In denying House leadership travel to on military aircraft, we stumbled into a Constitutional Crises.
If the House (representatives of We, the People) are not allowed to perform their duties by the Executive (also elected by the people but in a different election year), how is this NOT a Constitutional crises?
Who has authority over whom?
The president has full authority over all military functions, and therefore under those guidelines has the right to restrict military travel as he wishes…(Melania flew today from DC to Mar-a-Lago on military aircraft).
The House has full authority over all finances. It funds the military. All budgets must originate from the House and the previous Congress already funded the military budget that would include these planned flights. So, can the Executive forbid the House to do something they voted to do?

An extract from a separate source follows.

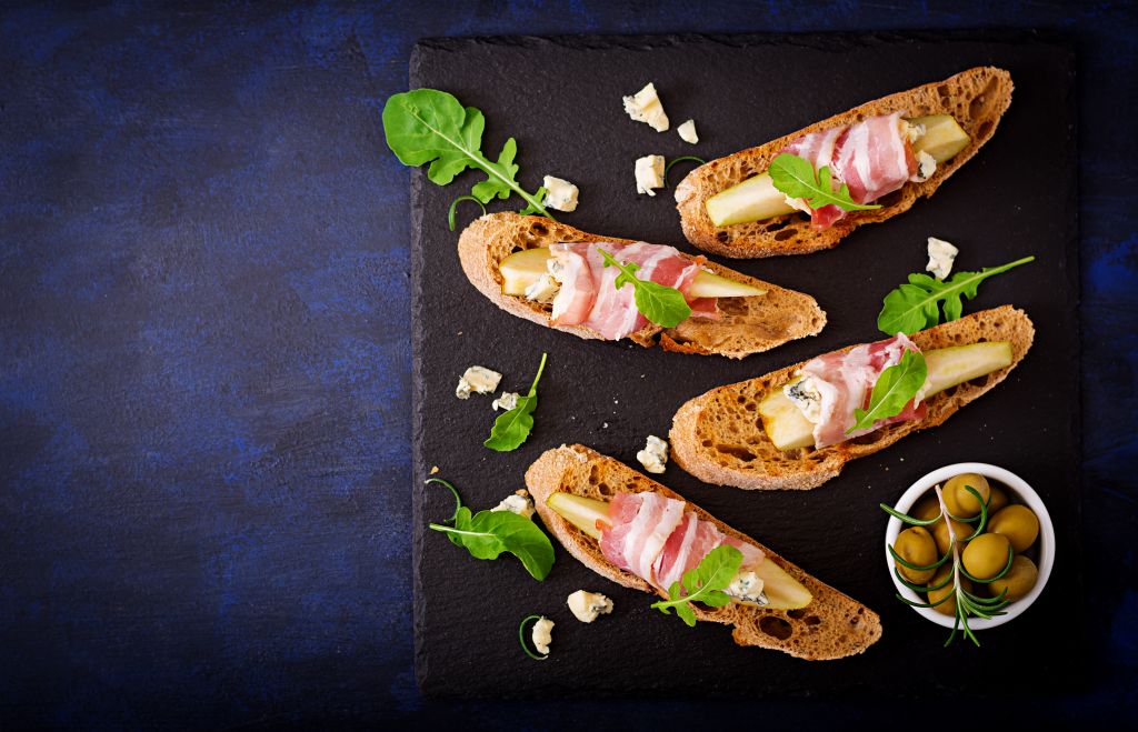 Λιώστε τη ρικότα με ένα πιρούνι και αναμείξτε μέσα της το αλάτι, το πιπέρι, το ελαιόλαδο και το θυμάρι. Συνεχίστε μέχρι το τυρί σας να μαλακώσει. Απλώστε τις φέτες του ψωμιού σε ένα ταψάκι και βάλτε τες σε φούρνο που θα έχετε προθερμάνει στους 200 βαθμούς, για πέντε λεπτά περίπου. Απλώστε το τυρί πάνω στις φέτες του ψωμιού και τοποθετήστε από πάνω μια φέτα προσούτο και δυο πολύ λεπτές φέτες αχλάδι. Γαρνίρετε με λίγο θυμάρι ακόμη και, προαιρετικά, με λίγο πιπέρι.

In this case, when the President and the House leadership differ in opinions, who actually then gets to decide if they fly or not?
Being in that spot would put one in the proverbial person serving two masters: which one do you decide to listen to? Your boss, or the people who pay your boss?
It appears that proverbial person would be the Pentagon who most likely would defer that decision upwards to the level of the secretary of defense, of which we have none now btw.
So it would be the acting Secretary of Defense who has to decide whether to follow a direct order from his superior the President, or, appease those who whom he is indebted for all future finances.
He could have very easily decided that the executive was wrong, and allowed the flight to continue. In which case we would have a military independent of civilian control, creating another Constitutional Crises.
But he decided to follow the chain of command and the military flight was grounded.
And so, we have the head of delegation of duly elected representatives, elected by a huge majority in their districts, being denied the right to their duties of function, by an executive who was elected by a minority of the American people.
The Constitution is rather vague here. One would have to interpret through the Supreme Court whether in the future, this can be allowed. Article 1: Section 6 states of Congress:
“They shall in all Cases, except Treason, Felony and Breach of the Peace, be privileged from Arrest during their Attendance at the Session of their respective Houses, and in going to and returning from the same;and for any Speech or Debate in either House, they shall not be questioned in any other Place. “
One would have to argue to the Supreme Court that being confined on an Air Force bus was somehow similarly equivalent to an arrest. They were indeed stopped in the middle of their “going to, and returning from the same”. Although no charges were brought, the executive branch did interfere with the latter part, their “going to, and returning from the same.”
I’m sure the counter argument for upholding this action from the Justice Department would be that sometimes the President must exercise his authority for the security of the nation. If for fun we imagined that Dana Rohrabacher was flying off to Russia with a dossier of highly classified military codes, we would want Obama to ground that aircraft. Therefore the framers sought to delegate to the executive, who was elected by the whole nation, authority over representative selected by one small portion of that nation. In the current climate of the Supreme Court, this counter-argument would prevail.
But that leaves the opening that any future president or this one, can again simply prevent Congress from doing its elected duty because of a simple difference of opinion. Congresses and Executives have always had to function under differences of opinion. Limiting one or the other would in spirit, be unconstitutional.
IF this is not to happen again, some severe penalty must be levied. For one, the House has the ability to impeach. Since precedence is nine-tenths of the law, not acting here will give autocratic future presidents more leeway to limit Congress in the future.
But,if this House establishes that Congress can impeach over ANY attempt to limit its ability to exercise its duties, even if that impeachment is not seconded by two thirds of the Senate, the precedence for penalty will exist for all future presidents. This president will be the third to have been impeached. This then becomes the cost of imposing restrictions on the duly elected representatives of Congress. And, since impeachments tend to drag out, there is good reason to expect that further evidence of wrong doing by the current executive, could politically undermine any support this president has from the wavering half of his party.
Lesser options could consist of defunding the executive branch (no threat to rogue lame-duck presidents), passing a law that states the Executive shall not interfere with Congressional travel, or a censure that carries no weight.
No. None of those others have any strength to prevent a recurrence. A constitutional crises happened and it must be fixed. The House leadership needs to figure this out quickly.